[Python-numerics]Re: [Python-Dev] Re: WYSIWYG decimal fractions

M.-A. Lemburg mal@lemburg.com
Fri, 16 Mar 2001 19:09:17 +0100


Tim Peters wrote:
> 
> [M.-A. Lemburg]
> > Just out of curiosity: is there a usable decimal type implementation
> > somewhere on the net which we could beat on ?
> 
> ftp://ftp.python.org/pub/python/
>     contrib-09-Dec-1999/DataStructures/FixedPoint.py

So my intuition wasn't wrong -- you had all this already implemented
years ago ;-)
 
> It's more than two years old, and regularly mentioned on c.l.py.  From the
> tail end of the module docstring:
> 
> """
> The following Python operators and functions accept FixedPoints in the
> expected ways:
> 
>     binary + - * / % divmod
>         with auto-coercion of other types to FixedPoint.
>         + - % divmod  of FixedPoints are always exact.
>         * / of FixedPoints may lose information to rounding, in
>             which case the result is the infinitely precise answer
>             rounded to the result's precision.
>         divmod(x, y) returns (q, r) where q is a long equal to
>             floor(x/y) as if x/y were computed to infinite precision,
>             and r is a FixedPoint equal to x - q * y; no information
>             is lost.  Note that q has the sign of y, and abs(r) < abs(y).
>     unary -
>     == != < > <= >=  cmp
>     min  max
>     float  int  long    (int and long truncate)
>     abs
>     str  repr
>     hash
>     use as dict keys
>     use as boolean (e.g. "if some_FixedPoint:" -- true iff not zero)
> """

Very impressive ! The code really show just how difficult it is
to get this done right (w/r to some definition of that term ;).

BTW, is the implementation ANSI/IEEE standards conform ?

> > I for one would be very interested in having a decimal type
> > around (with fixed precision and scale),
> 
> FixedPoint is unbounded "to the left" of the point but maintains a fixed and
> user-settable number of (decimal) digits "after the point".  You can easily
> subclass it to complain about overflow, or whatever other damn-fool thing you
> think is needed <wink>.

I'll probably leave that part to the database interface ;-) Since they
check for possible overlfows anyway, I think your model fits the
database world best.

Note that I will have to interface to database using the string
representation, so I might get away with adding scale and precision
parameters to a (new) asString() method.

> > since databases rely on these a lot and I would like to assure
> > that passing database data through Python doesn't cause any data
> > loss due to rounding issues.
> 
> Define your ideal API and maybe I can implement it someday.  My employer also
> has use for this.  FixedPoint.py is better suited to computation than I/O,
> though, since it uses Python longs internally, and conversion between
> BCD-like formats and Python longs is expensive.
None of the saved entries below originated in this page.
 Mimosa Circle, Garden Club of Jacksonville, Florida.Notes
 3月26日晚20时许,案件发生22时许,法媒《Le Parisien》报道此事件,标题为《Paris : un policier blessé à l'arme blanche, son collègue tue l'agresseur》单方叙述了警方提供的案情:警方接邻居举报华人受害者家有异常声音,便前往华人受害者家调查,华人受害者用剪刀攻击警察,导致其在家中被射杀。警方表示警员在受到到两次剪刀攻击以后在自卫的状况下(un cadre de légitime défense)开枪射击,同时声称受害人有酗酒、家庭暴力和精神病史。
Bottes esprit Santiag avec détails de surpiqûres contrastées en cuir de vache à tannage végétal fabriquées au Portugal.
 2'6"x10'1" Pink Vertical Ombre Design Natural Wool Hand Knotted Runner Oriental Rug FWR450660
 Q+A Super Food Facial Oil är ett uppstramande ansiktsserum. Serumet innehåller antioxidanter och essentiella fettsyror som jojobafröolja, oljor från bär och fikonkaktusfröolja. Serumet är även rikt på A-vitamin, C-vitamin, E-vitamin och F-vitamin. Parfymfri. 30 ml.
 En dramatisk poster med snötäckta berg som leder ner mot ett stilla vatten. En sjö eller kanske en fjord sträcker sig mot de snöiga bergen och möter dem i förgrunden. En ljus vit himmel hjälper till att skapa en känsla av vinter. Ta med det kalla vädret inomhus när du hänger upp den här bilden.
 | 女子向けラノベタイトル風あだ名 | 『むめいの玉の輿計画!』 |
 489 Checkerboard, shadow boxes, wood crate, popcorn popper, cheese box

See above: if string representations can be computed fast,
than the internal storage format is secondary.
 
> > If there aren't any such implementations yet, the site that Tim
> > mentioned  looks like a good starting point for heading into this
> > direction... e.g. for mx.Decimal ;-)
> >
> >       http://www2.hursley.ibm.com/decimal/
> 
> FYI, note that Cowlishaw is moving away from REXX's "string of ASCII digits"
> representation toward a variant of BCD encoding.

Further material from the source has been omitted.